__EXERCISE DESCRIPTION__.
Although the records contain pictures, print none of them; print exactly the lines from the one with "American hazelnut Corylus americana" through the last line.
---- THE INPUT
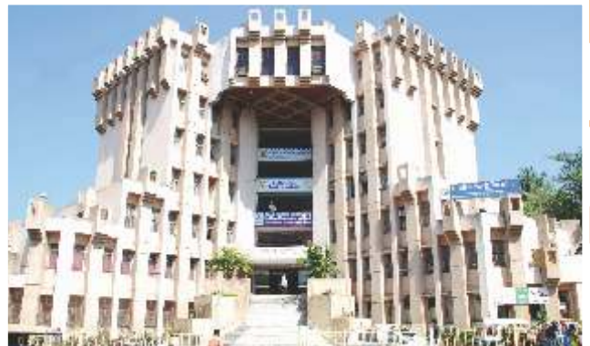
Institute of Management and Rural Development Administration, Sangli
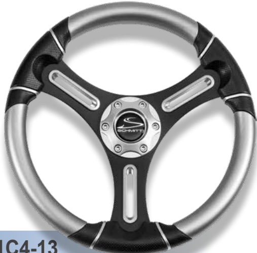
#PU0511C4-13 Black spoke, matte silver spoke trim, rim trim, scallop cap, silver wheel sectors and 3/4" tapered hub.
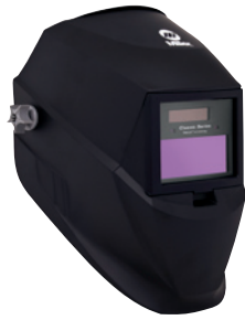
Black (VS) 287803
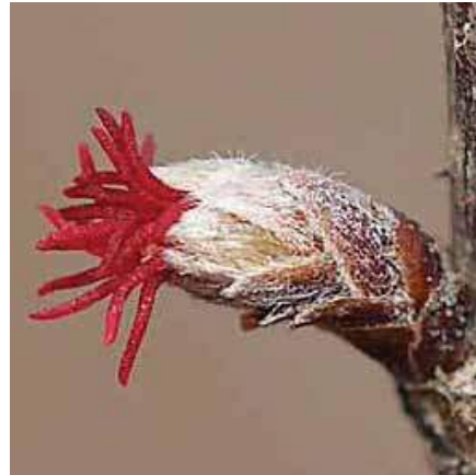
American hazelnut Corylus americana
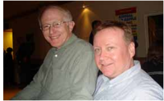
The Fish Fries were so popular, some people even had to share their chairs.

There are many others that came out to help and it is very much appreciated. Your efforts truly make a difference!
--------
__TASK RESULT__.
American hazelnut Corylus americana
The Fish Fries were so popular, some people even had to share their chairs.

There are many others that came out to help and it is very much appreciated. Your efforts truly make a difference!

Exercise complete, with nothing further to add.